SOSYAL SORUMLULUK PROJELERİ

Düşe Kalka...

Çıraklık

Düşe Kalka

Üniversiteyi dereceyle bitirmişti. Haliyle bu alanda yetkin olduğunu düşünerek, elindeki birikimi ve biraz da ailesinin desteği ile kendi işini kurmaya karar vermişti. İşyerinin her detayını zihninde kurmuştu. Ancak, daha iş yerini arama sürecinde bile o kadar zorlanmıştı ki...

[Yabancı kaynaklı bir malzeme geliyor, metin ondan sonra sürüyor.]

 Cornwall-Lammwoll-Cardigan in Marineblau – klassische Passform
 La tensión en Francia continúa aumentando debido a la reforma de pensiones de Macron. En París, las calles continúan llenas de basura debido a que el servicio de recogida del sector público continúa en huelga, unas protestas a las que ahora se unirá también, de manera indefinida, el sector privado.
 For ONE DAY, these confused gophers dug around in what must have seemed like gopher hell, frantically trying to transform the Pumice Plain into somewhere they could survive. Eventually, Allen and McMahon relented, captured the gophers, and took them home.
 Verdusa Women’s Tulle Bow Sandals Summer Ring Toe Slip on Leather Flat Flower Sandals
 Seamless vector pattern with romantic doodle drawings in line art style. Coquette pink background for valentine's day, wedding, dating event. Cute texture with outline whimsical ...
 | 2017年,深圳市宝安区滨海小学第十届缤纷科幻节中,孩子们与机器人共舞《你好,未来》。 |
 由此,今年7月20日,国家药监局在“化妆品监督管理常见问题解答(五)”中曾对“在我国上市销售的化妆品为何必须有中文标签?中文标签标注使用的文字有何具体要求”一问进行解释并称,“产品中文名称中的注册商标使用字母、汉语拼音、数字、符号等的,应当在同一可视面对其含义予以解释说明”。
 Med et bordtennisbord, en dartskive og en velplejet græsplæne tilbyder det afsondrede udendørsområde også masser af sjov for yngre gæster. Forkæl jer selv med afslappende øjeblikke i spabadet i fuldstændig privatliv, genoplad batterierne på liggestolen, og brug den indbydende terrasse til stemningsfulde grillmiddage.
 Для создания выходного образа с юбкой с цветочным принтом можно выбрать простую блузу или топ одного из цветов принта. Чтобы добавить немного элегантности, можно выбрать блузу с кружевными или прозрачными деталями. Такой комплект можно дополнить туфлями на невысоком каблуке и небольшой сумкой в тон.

İstediği gibi bir yer bulamıyordu, beğendiği yerlerin de kirası bütçesini aşıyordu. Biraz isteklerinden vazgeçerek, biraz da kirayı artırmayı göze alarak ortalama bir yer tutmuştu. Yanına şimdilik çalışan alamıyordu. Kiraya ödediği ekstra miktar nedeniyle ancak birkaç ay sonra belki düşünebilirdi.

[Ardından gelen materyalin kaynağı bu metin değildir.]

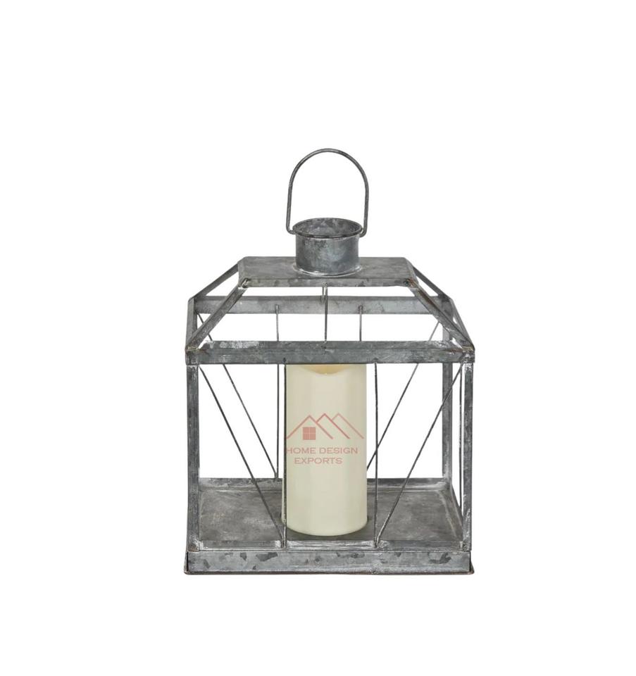 Lanterne à bougie en métal galvanisé, faite à la main
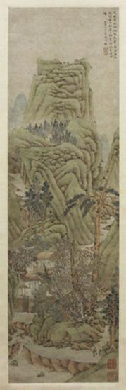这种舒适宁和的格调正是文徵明细笔小青绿山水的典型风格。一小块峰峦合抱的山间平地,在高大苍翠的树木和温厚敦穆的山壁的包围中,坐落着一进小小的院落,茅檐柴扉,窗明几净,虽然是在山野之中,却分外予人一种安全感。屋舍前是山溪水、石板桥,一个策杖的文士带着随侍童子缓缓走来。房子后面的主峰层峦叠嶂,负势竞上,山腰处的寺院隐约可见。由于布局工稳而略带程式化,巍峨的山峰及其繁复的石壁并没有压迫感,而显得稳重而温和。整个画面的笔触非常细腻,山石的皴笔柔和而精致,树木的刻画既富有自然的生意,又略有装饰性的美感。文氏的山水画有简略与精工两种主要风格,后世有“粗文”、“细文”之分,而尤以“细文”为画史所重。就风格来看,此件《秋山觅句图》当属典型的“细文”作品,而更加难得的是,这幅“细文”还是用文徵明最擅长、最知名的小青绿画法所作。
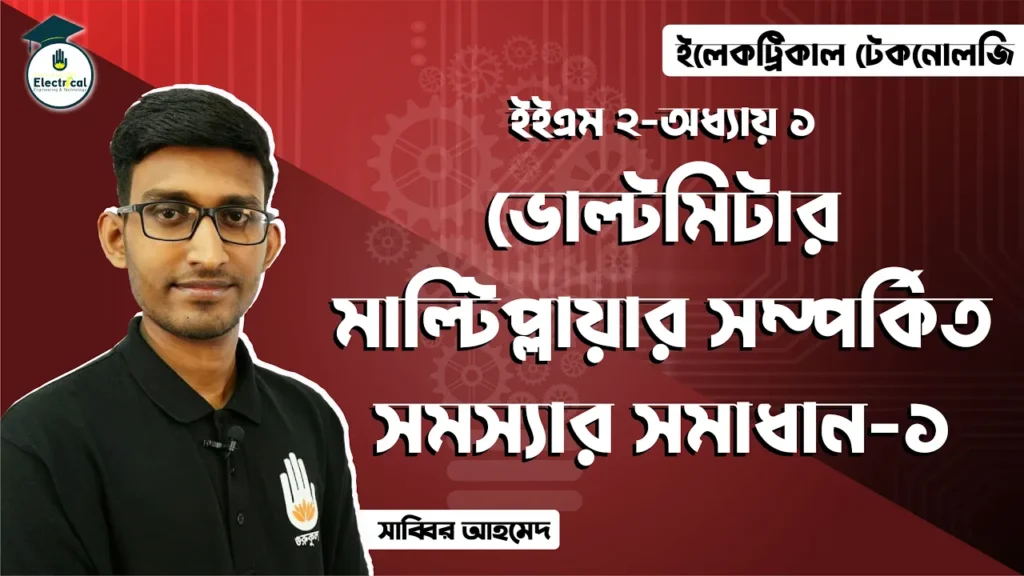 ভোল্টমিটার মাল্টি প্লায়ার সম্পর্কিত সমস্যার সমাধান ক্লাসটি “ইলেকট্রিক্যাল এন্ড ইলেকট্রনিক্স মেজারমেন্টস – ০২ [Electrical and Electronic Measurements-02 ]” কোর্সের “অধ্যায় ০১ /Chapter 01” এ পড়ানো হয় | এই ক্লাসটি বাংলাদেশ কারিগরি শিক্ষা বোর্ড [Bangladesh Technical Education Board] এর পলিটেকনিক [Polytechnic] ডিসিপ্লিন এর ৬ষ্ঠ সেমিস্টার, ইলেকট্রিক্যাল টেকনোলজি [ 6th Semester, Electrical Technology ] এ পড়ানো হয়।
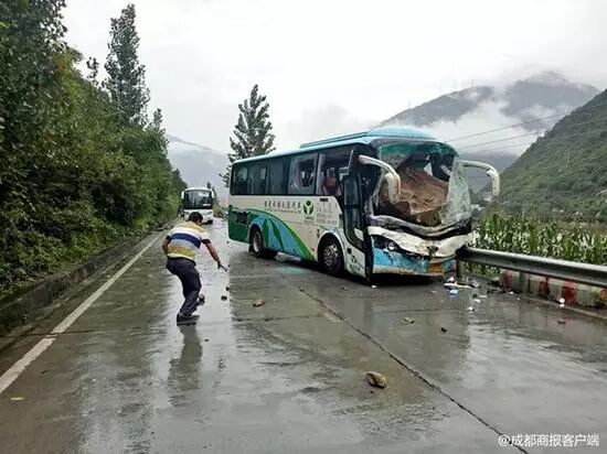 四川一辆从泸沽湖返回成都的客车被山上滑落的巨石砸中,司机罹难前踩刹车挽救整车游客。

İş yerini bir şekilde faaliyete geçirdi. O ilk heyecanla, 1 gün, 2 gün, 2 ay derken her şeye kendisi koşturmaktan yorgun düşmüştü artık. Tüm randevular, planlamalar, ofis ve hatta temizlik işleri kendisindeydi. Müşteriyle ilgilenme, süreç takipleri ise en önemli gündemiydi. Üzerine de ofisin ihtiyaçlarını tamamlamaya uğraşırken, akşamları çok geç vakitte eve girebiliyordu. Çok yoğun bir tempoyla başlamıştı ancak işleri öyle hayal ettiği gibi olamamıştı henüz. Zihnindeki gibi bir müşteri kitlesi de yoktu. Halbuki ne hayalleri vardı. İşleri akacak, birkaç reklam verecek, gelen müşteriyi iyi ağırlarsa zaten satış yapacak, o esnada kendisine ve müşterilerine hizmet eden bir ofis sorumlusu olacak... Bu ofis sorumlusu, sabahları ondan erken gelip, ofisi pırıl pırıl edecek bir temizlik yaparsa, maaşına zam yapmayı bile düşünecekti.

Çıraklık

“Hayaller ve hayatlar, hakikaten farklıymış...” dedi. Soran çoktu ama alan yoktu. O gün de oldukça uğraşmış, didinmiş ama umduğundan çok daha az bir satış yapabilmişti. O yılgınlıkla eve geçti, duşunu aldı, salona oturdu. Eniştesinin iş durumundan dolayı, ablası küçük çocuğuyla birlikte birkaç gecedir kendilerinde kalıyordu. Henüz emeklemeye başlamış meraklı minik, nasıl da sevdiriyordu kendini. Kucaktan kucağa dolaşırken artık sıkıldığı için, oynasın diye yere bıraktılar. Sohbete dalmışken bir şey dikkatini çekti; yeğeni defalardır koltuğunun kenarını tutuyor, kendini kaldırıyor ve sonraki hareketinde düşüyordu. Sanki hiç düşmemiş gibi tekrar kalkıyor, tekrar düşüyordu. Belki de günlerdir yüzlerce kez yaptığı şey aynıydı. Yüzlerce kez düşmemiş gibi yeniden ve yeniden uğraşmaya devam ediyordu. “İzlerken ben yoruldum yaa!” diye düşündü. Ama işin gerçeği şuydu; insanoğlu inandığı şeyde yorulmayı o kadar da kafaya takmıyordu. Yine, yeniden belki her defasında biraz daha iyi, biraz daha farklı açıdan defalarca deniyordu. Bir sonuç alamadığı halde, doğruluğuna inandığı şey için çabalamaya, mücadele etmeye devam edebiliyordu.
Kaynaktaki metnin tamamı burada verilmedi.